Test A: Step 2. Completes successfully but no boot. Aborted at this step. Test B: Step 2. Completes succesfully but no boot. Handily, I had it plugged into my FTDI flasher still and picked up the boot logs. The specific error that is thrown is:
ets Jul 29 2019 12:21:46
rst:0xc (SW_CPU_RESET),boot:0x13 (SPI_FAST_FLASH_BOOT)
configsip: 0, SPIWP:0xee
clk_drv:0x00,q_drv:0x00,d_drv:0x00,cs0_drv:0x00,hd_drv:0x00,wp_drv:0x00
mode:DIO, clock div:2
load:0x3fff0030,len:6608
load:0x40078000,len:15060
ho 0 tail 12 room 4
load:0x40080400,len:3816
entry 0x40080698
I (29) boot: ESP-IDF 4.4.5 2nd stage bootloader
I (29) boot: compile time 01:22:54
I (29) boot: chip revision: v3.0
I (32) boot.esp32: SPI Speed : 40MHz
I (37) boot.esp32: SPI Mode : DIO
I (41) boot.esp32: SPI Flash Size : 4MB
I (46) boot: Enabling RNG early entropy source...

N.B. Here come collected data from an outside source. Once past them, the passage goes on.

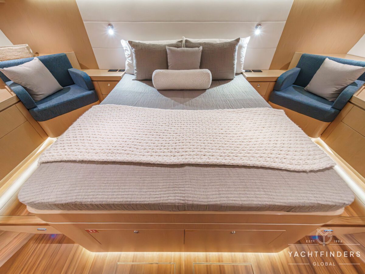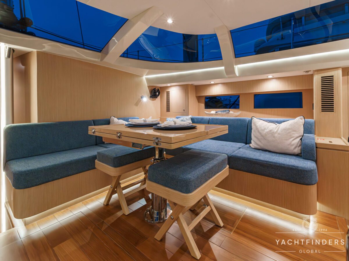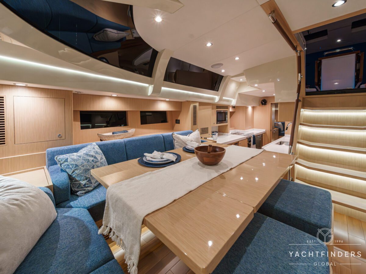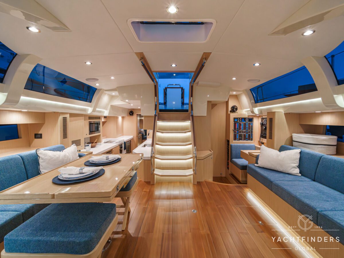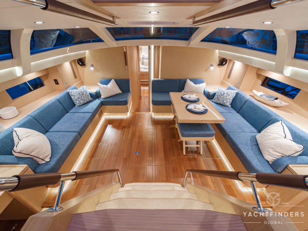 Below decks, the bright and voluminous three-cabin interior is warm and welcoming. Natural light abounds, and the layout is configured for luxurious comfort and an enjoyable living experience underway, while providing a true sense of home when settled at your destination. No horizon is too distant for this award-winning performance cruiser.
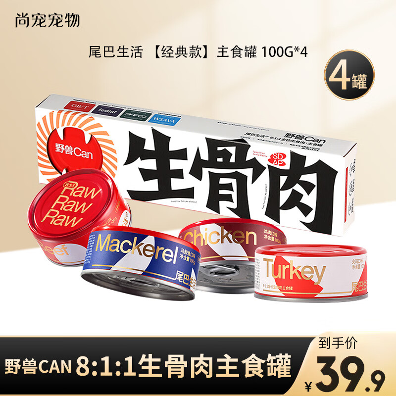 尾巴生活猫罐头 野兽CAN 811生骨肉主食猫罐头170g 猫咪幼猫成猫罐头湿粮 【经典款】100g*4罐
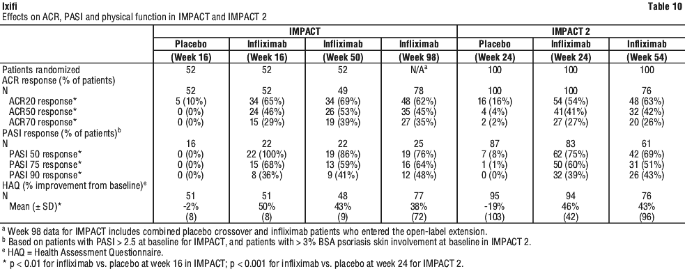 In the IMPACT and IMPACT 2 studies, 31% and 12% respectively of patients randomised to infliximab at baseline achieved a major clinical response (defined as achieving an ACR70 response at all visits for a continuous 24-week period) at Week 98 and Week 54 respectively.

I (51) boot: Partition Table:
I (55) boot: ## Label Usage Type ST Offset Length
I (62) boot: 0 otadata OTA data 01 00 00009000 00002000
I (69) boot: 1 phy_init RF data 01 01 0000b000 00001000
I (77) boot: 2 app0 OTA app 00 10 00010000 001c0000
I (84) boot: 3 app1 OTA app 00 11 001d0000 001c0000
I (92) boot: 4 nvs WiFi data 01 02 00390000 0006d000
I (99) boot: End of partition table
I (104) esp_image: segment 0: paddr=00010020 vaddr=3f400020 size=4489ch (280732) map
I (214) esp_image: segment 1: paddr=000548c4 vaddr=3ffb0000 size=04c64h ( 19556) load
I (222) esp_image: segment 2: paddr=00059530 vaddr=40080000 size=06ae8h ( 27368) load
I (233) esp_image: segment 3: paddr=00060020 vaddr=400d0020 size=13547ch (1266812) map
I (692) esp_image: segment 4: paddr=001954a4 vaddr=40086ae8 size=16a94h ( 92820) load
I (744) boot: Loaded app from partition at offset 0x10000
I (744) boot: Disabling RNG early entropy source...

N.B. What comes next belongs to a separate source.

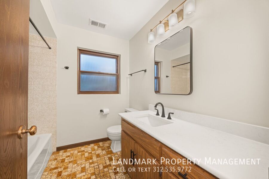 Welcome to this stunning 3-bedroom, 2-bathroom home located in the charming town of Lemont, IL. This recently renovated gem boasts a plethora of modern amenities and features that are sure to impress. The kitchen is a chef's dream with its granite counters, stainless steel appliances, hardwood cabinets, and a skylight that bathes the room in natural light. The living and family rooms are spacious and inviting, featuring a cozy fireplace with gas logs. High ceilings and large windows throughout the home create an open, airy atmosphere. The private patio, huge deck, and lush garden in the backyard offer ample outdoor space for entertaining or simply enjoying a peaceful afternoon. The home also includes central air conditioning, a furnace, and a gas water heater to ensure comfort in any season. Additional features include a soaking tub in the bathroom, carpet and vinyl flooring, ceiling fans, and an attached garage. The home also offers a convenient laundry unit and a basement for extra storage or living space. Please note, this property does not accommodate pets. Experience the perfect blend of comfort and style in this beautiful Lemont home. 650+ credit score, 3x the rent amount in net income, and no previous evictions required to apply. Due 48 hours upon approval, $3300 first months rent + $195 admin fee (annual charge) + $15 resident amenity fee (monthly charge). $1650 non refundable move in fee required. Backyard Fireplace Gas Furnace Gas Water Heater Huge Deck Large Windows Skylight Kitchen Ceiling

I (756) cpu_start: Pro cpu up.
I (756) cpu_start: Starting app cpu, entry point is 0x4008249c
I (742) cpu_start: App cpu up.
I (773) cpu_start: Pro cpu start user code
I (773) cpu_start: cpu freq: 160000000
I (773) cpu_start: Application information:
I (777) cpu_start: Project name: mbr-nspanel
I (782) cpu_start: App version: 2023.12.7
I (788) cpu_start: Compile time: Jan 22 2024 10:12:24
I (794) cpu_start: ELF file SHA256: 1e4c0978122d46d1...

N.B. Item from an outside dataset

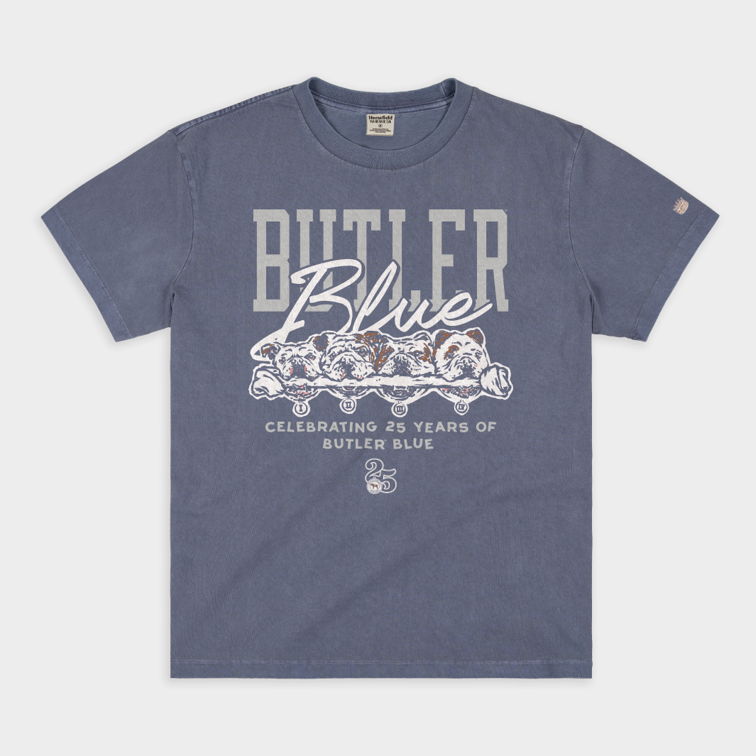 Since 2000, Butler has had an official, live bulldog mascot, after dabbling in unofficial dog mascots throughout the 1900s. Butler Blue was an instant hit, delighting generations of dedicated Butler fans. This design showcases and celebrates all four Butler Blues, including VIP (Very Important Pup) and friend of Homefield, Blue IV.

I (800) cpu_start: ESP-IDF: 4.4.5
I (804) cpu_start: Min chip rev: v0.0
I (809) cpu_start: Max chip rev: v3.99
I (814) cpu_start: Chip rev: v3.0
assert failed: s_prepare_reserved_regions memory_layout_utils.c:100 (reserved[i + 1].start > reserved[i].start)
Backtrace: 0x40082d26:0x3ffe3390 0x40091815:0x3ffe33b0 0x400979e5:0x3ffe33d0 0x4016d4f2:0x3ffe34f0 0x4016d112:0x3ffe3850 0x4016afcb:0x3ffe3c00 0x40082759:0x3ffe3c40 0x4007959c:0x3ffe3c80 |<-CORRUPTED
I assume that trace is not useful without my firmware file because the offsets will be different for everyone.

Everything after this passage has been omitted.